- **EXERCISE GOAL**: Everything from the line holding "海南鸡饭起源于中国海南岛的文" to the last line of the material below must be retyped exactly, minus any pictures.

- **THE DATA**:
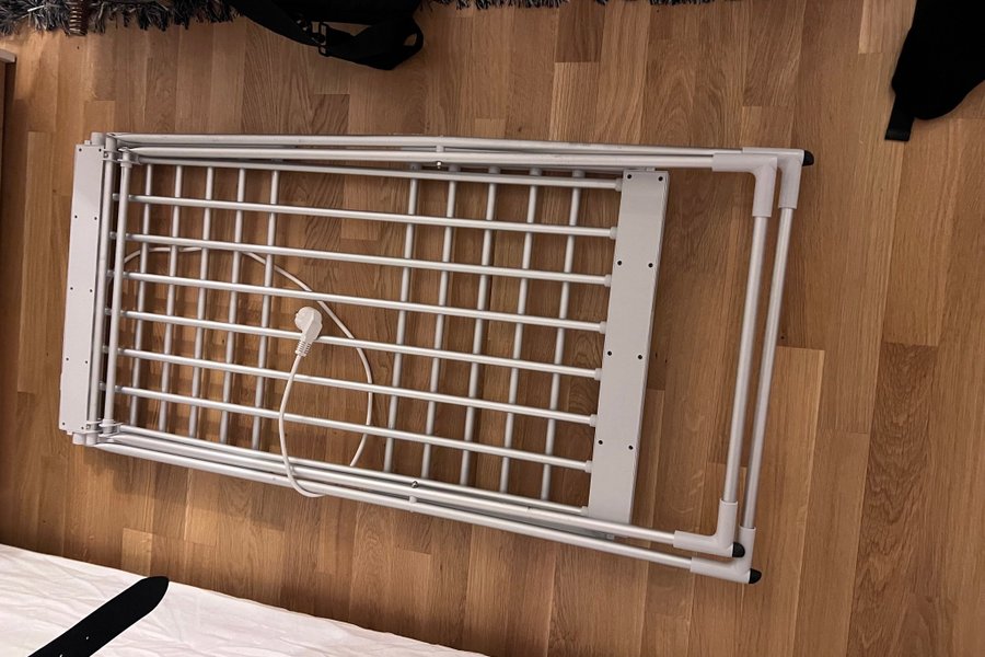 Elektrisk torkställning för kläder. Perfekt för att torka tvätt effektivt inomhus. Den är hopfällbar för enkel förvaring när den inte används.
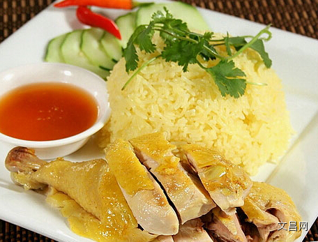 海南鸡饭起源于中国海南岛的文昌市,在海南话里叫做“guail bbuil”(鸡糒)。海南人以文昌当地的白切鸡做法,配以鸡油和浸鸡水烹煮米饭,“创造”了海南鸡饭。有意思的是,现今一般食家都认为新加坡的海南鸡饭为正宗。鸡饭古老吃法是把煮熟后的鸡饭用手捏成“饭团”,再配上“白切鸡”,才算是传统的“海南鸡饭”。白切鸡和米饭的香味相互渗透,不仅闻着香,吃着更香~
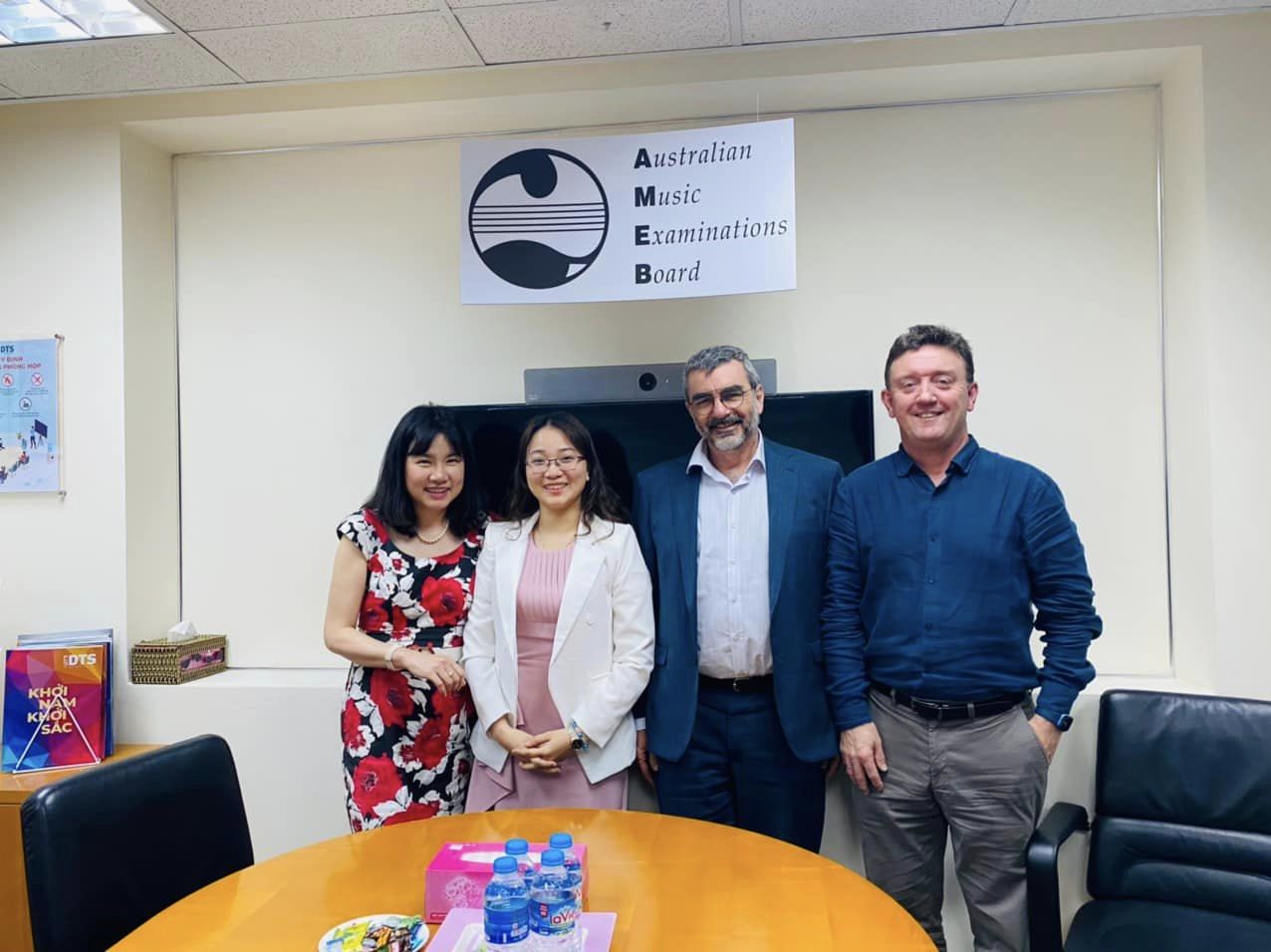 (Buổi gặp gỡ có sự tham gia của 4 đại diện chính gồm cô TS. Nguyễn Thị Thùy Thương - Giám đốc trường Nhạc họa Dolin, ngài Giám đốc AMEB, Cô TS. Tanya Thanh và ngài TS. Brad Merick)
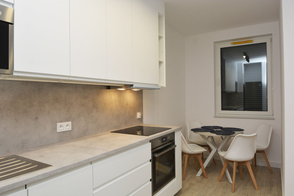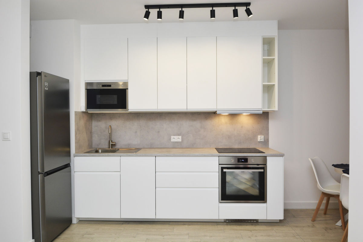 - Kuchnia w zabudowie - lodówka, piekarnik, mikrofalówka, zmywarka, płyta indukcyjna oraz pełne wyposażenie w naczynia, garnki, sztućce
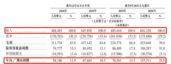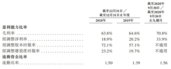 而比起快速的增长速度,令人瞩目的恐怕是它的毛利率水平。据招股文件显示,2018年至2019年,该公司的毛利率分别为63.8%、64.6%,逐年提升;而经调整净利率期内则为18.9%、20.2%,亦不断提升。
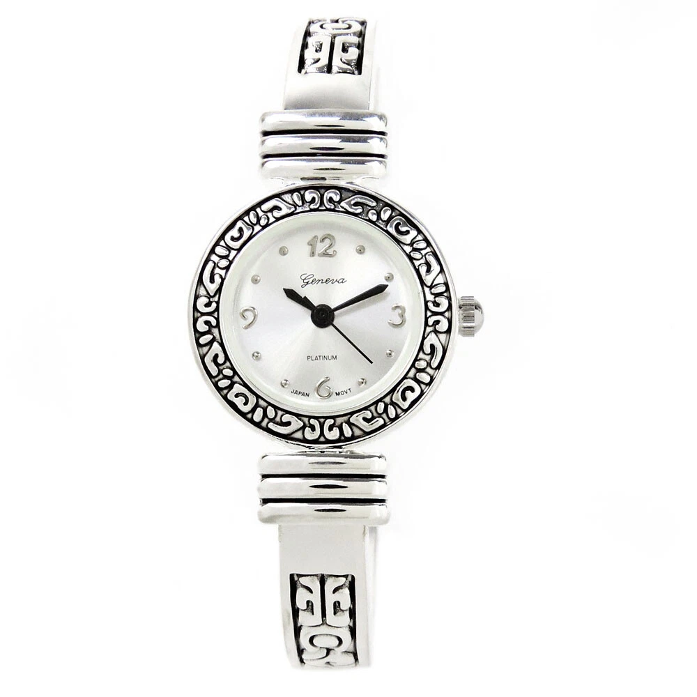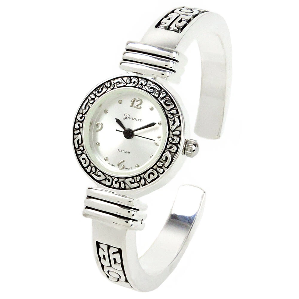 Silver Western Style Decorated Bangle Cuff Watch for Women
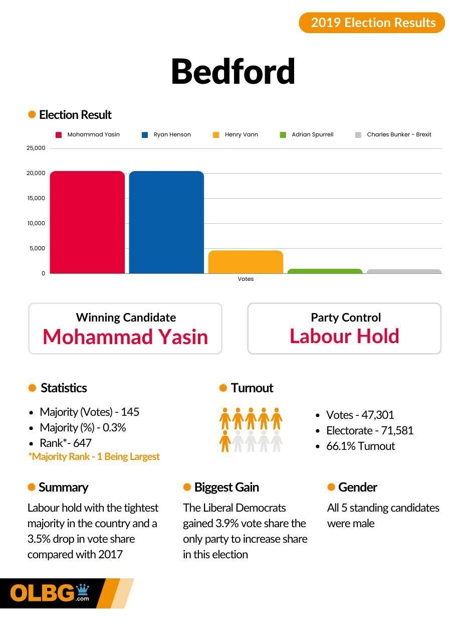 With a votes majority of just 145 from the 47,301 cast, the majority in percentage terms was a tiny 0.30%, making Bedford the fourth closest run constituency in the 2019 general election.

- **ANSWER BOX**:
 海南鸡饭起源于中国海南岛的文昌市,在海南话里叫做“guail bbuil”(鸡糒)。海南人以文昌当地的白切鸡做法,配以鸡油和浸鸡水烹煮米饭,“创造”了海南鸡饭。有意思的是,现今一般食家都认为新加坡的海南鸡饭为正宗。鸡饭古老吃法是把煮熟后的鸡饭用手捏成“饭团”,再配上“白切鸡”,才算是传统的“海南鸡饭”。白切鸡和米饭的香味相互渗透,不仅闻着香,吃着更香~
 (Buổi gặp gỡ có sự tham gia của 4 đại diện chính gồm cô TS. Nguyễn Thị Thùy Thương - Giám đốc trường Nhạc họa Dolin, ngài Giám đốc AMEB, Cô TS. Tanya Thanh và ngài TS. Brad Merick)
 - Kuchnia w zabudowie - lodówka, piekarnik, mikrofalówka, zmywarka, płyta indukcyjna oraz pełne wyposażenie w naczynia, garnki, sztućce
 而比起快速的增长速度,令人瞩目的恐怕是它的毛利率水平。据招股文件显示,2018年至2019年,该公司的毛利率分别为63.8%、64.6%,逐年提升;而经调整净利率期内则为18.9%、20.2%,亦不断提升。
 Silver Western Style Decorated Bangle Cuff Watch for Women
 With a votes majority of just 145 from the 47,301 cast, the majority in percentage terms was a tiny 0.30%, making Bedford the fourth closest run constituency in the 2019 general election.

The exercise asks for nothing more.